DesivoMerge0.1: A Continuously Merged Language Model
DesivoMerge0.1 is a 7 billion parameter language model developed by cris177, utilizing the MergeKit framework. The core idea behind this model is a continuous merging strategy, where new models are iteratively integrated to enhance overall performance.
Key Development Strategy
- Iterative Merging: The model began by merging
open-orca-mistral-7B and open-hermes-7B. The resulting merge was then combined with TurdusBeagle-7B, identified as a top-performing 7B model on the Open LLM Leaderboard. - Performance-Driven Integration: The merging process is designed to continue adding models until the average score of the merged models falls below that of the previous iteration, at which point the strategy will backtrack and explore alternative models.

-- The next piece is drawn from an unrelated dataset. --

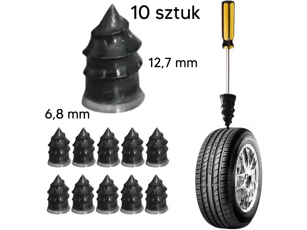 Fantastická opravná sada pro rychlou opravu pneumatik jízdních kol a automobilů. Poslední (a hlavně efektivní) záchranné lano v krizových situacích na cestách. Sada obsahuje 10 vulkanizačních šroubů o průměru 6,8 mm a délce 12,7 mm.

- Contamination Avoidance: Efforts are made to avoid merging models known to be contaminated, by carefully reviewing candidates before integration.
Technical Configuration
The merging process uses a slerp (spherical linear interpolation) method, with specific t parameters applied to different layers (self_attn, mlp) to fine-tune the merge ratios. The model is configured to use bfloat16 for its dtype.
Potential Use Cases
DesivoMerge0.1 is suitable for a variety of general natural language processing tasks, benefiting from the combined strengths of its constituent models. Its iterative development approach aims to provide a robust and capable base for applications requiring strong text generation and comprehension.